## Work task:
Repeat what the lines below say, word for word, and skip every image.

Dataset items
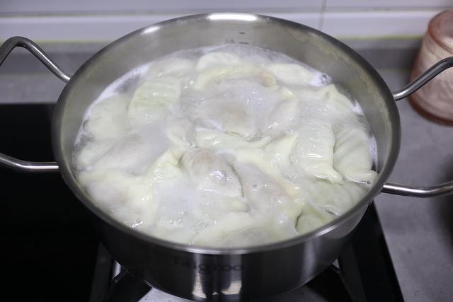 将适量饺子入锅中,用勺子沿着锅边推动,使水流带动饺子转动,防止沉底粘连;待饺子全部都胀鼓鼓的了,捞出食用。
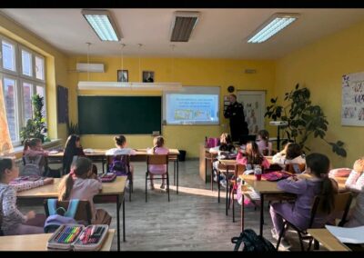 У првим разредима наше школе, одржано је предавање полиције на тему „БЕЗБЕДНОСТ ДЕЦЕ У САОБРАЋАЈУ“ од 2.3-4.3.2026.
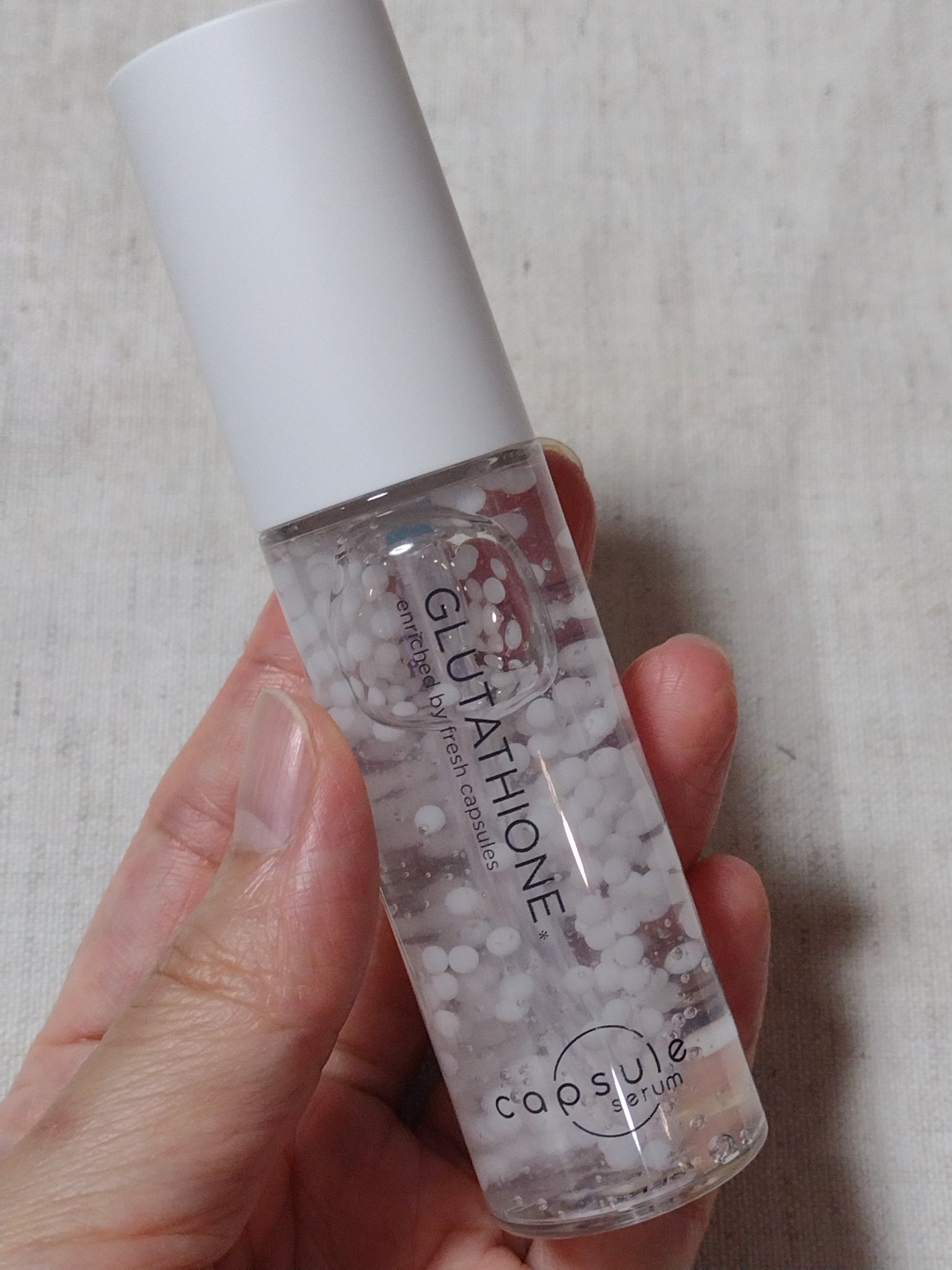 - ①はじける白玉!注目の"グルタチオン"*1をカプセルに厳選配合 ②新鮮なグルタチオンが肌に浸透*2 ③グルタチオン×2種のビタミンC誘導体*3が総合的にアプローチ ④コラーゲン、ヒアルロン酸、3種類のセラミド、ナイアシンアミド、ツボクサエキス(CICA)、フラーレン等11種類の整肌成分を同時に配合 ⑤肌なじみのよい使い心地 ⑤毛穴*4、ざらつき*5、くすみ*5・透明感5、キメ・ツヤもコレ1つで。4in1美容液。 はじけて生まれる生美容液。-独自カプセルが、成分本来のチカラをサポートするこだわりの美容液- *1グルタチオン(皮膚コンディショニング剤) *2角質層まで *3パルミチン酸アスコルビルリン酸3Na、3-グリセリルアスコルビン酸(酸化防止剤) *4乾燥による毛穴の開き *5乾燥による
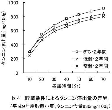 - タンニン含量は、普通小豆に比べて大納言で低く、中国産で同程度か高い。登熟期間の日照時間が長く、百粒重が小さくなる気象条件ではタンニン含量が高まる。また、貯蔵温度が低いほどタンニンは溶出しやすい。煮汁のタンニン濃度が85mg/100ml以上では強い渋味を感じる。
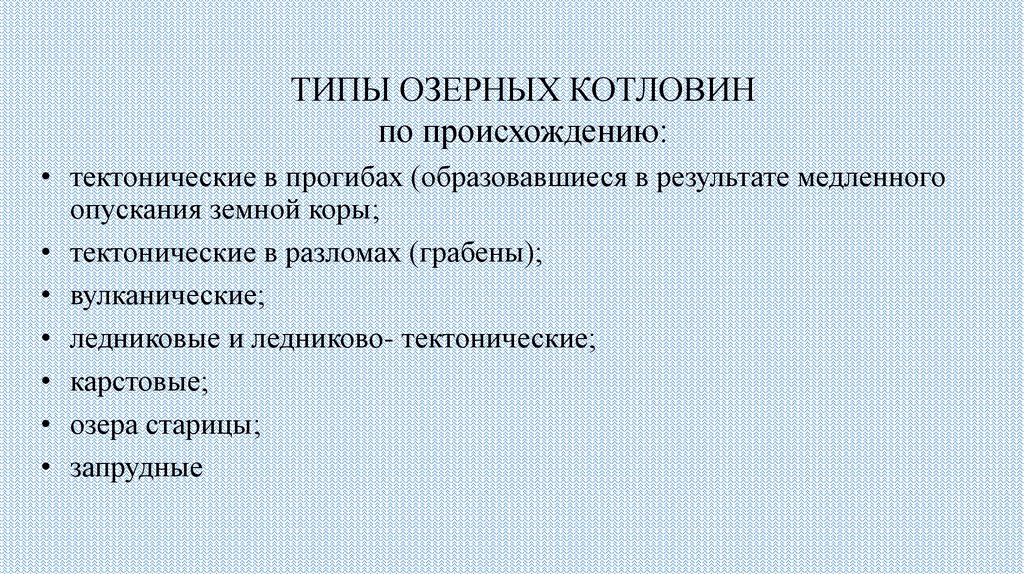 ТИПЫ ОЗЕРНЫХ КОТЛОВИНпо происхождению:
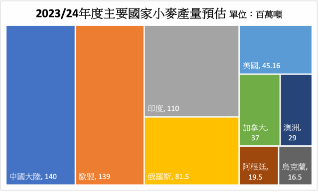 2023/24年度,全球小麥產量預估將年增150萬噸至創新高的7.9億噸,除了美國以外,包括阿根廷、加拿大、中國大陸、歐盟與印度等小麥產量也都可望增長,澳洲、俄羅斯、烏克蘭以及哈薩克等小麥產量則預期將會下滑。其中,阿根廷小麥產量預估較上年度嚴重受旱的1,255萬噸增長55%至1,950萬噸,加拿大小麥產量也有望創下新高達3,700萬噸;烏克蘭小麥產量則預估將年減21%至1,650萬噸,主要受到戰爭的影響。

## Task solution:
 将适量饺子入锅中,用勺子沿着锅边推动,使水流带动饺子转动,防止沉底粘连;待饺子全部都胀鼓鼓的了,捞出食用。
 У првим разредима наше школе, одржано је предавање полиције на тему „БЕЗБЕДНОСТ ДЕЦЕ У САОБРАЋАЈУ“ од 2.3-4.3.2026.
 - ①はじける白玉!注目の"グルタチオン"*1をカプセルに厳選配合 ②新鮮なグルタチオンが肌に浸透*2 ③グルタチオン×2種のビタミンC誘導体*3が総合的にアプローチ ④コラーゲン、ヒアルロン酸、3種類のセラミド、ナイアシンアミド、ツボクサエキス(CICA)、フラーレン等11種類の整肌成分を同時に配合 ⑤肌なじみのよい使い心地 ⑤毛穴*4、ざらつき*5、くすみ*5・透明感5、キメ・ツヤもコレ1つで。4in1美容液。 はじけて生まれる生美容液。-独自カプセルが、成分本来のチカラをサポートするこだわりの美容液- *1グルタチオン(皮膚コンディショニング剤) *2角質層まで *3パルミチン酸アスコルビルリン酸3Na、3-グリセリルアスコルビン酸(酸化防止剤) *4乾燥による毛穴の開き *5乾燥による
 - タンニン含量は、普通小豆に比べて大納言で低く、中国産で同程度か高い。登熟期間の日照時間が長く、百粒重が小さくなる気象条件ではタンニン含量が高まる。また、貯蔵温度が低いほどタンニンは溶出しやすい。煮汁のタンニン濃度が85mg/100ml以上では強い渋味を感じる。
 ТИПЫ ОЗЕРНЫХ КОТЛОВИНпо происхождению:
 2023/24年度,全球小麥產量預估將年增150萬噸至創新高的7.9億噸,除了美國以外,包括阿根廷、加拿大、中國大陸、歐盟與印度等小麥產量也都可望增長,澳洲、俄羅斯、烏克蘭以及哈薩克等小麥產量則預期將會下滑。其中,阿根廷小麥產量預估較上年度嚴重受旱的1,255萬噸增長55%至1,950萬噸,加拿大小麥產量也有望創下新高達3,700萬噸;烏克蘭小麥產量則預估將年減21%至1,650萬噸,主要受到戰爭的影響。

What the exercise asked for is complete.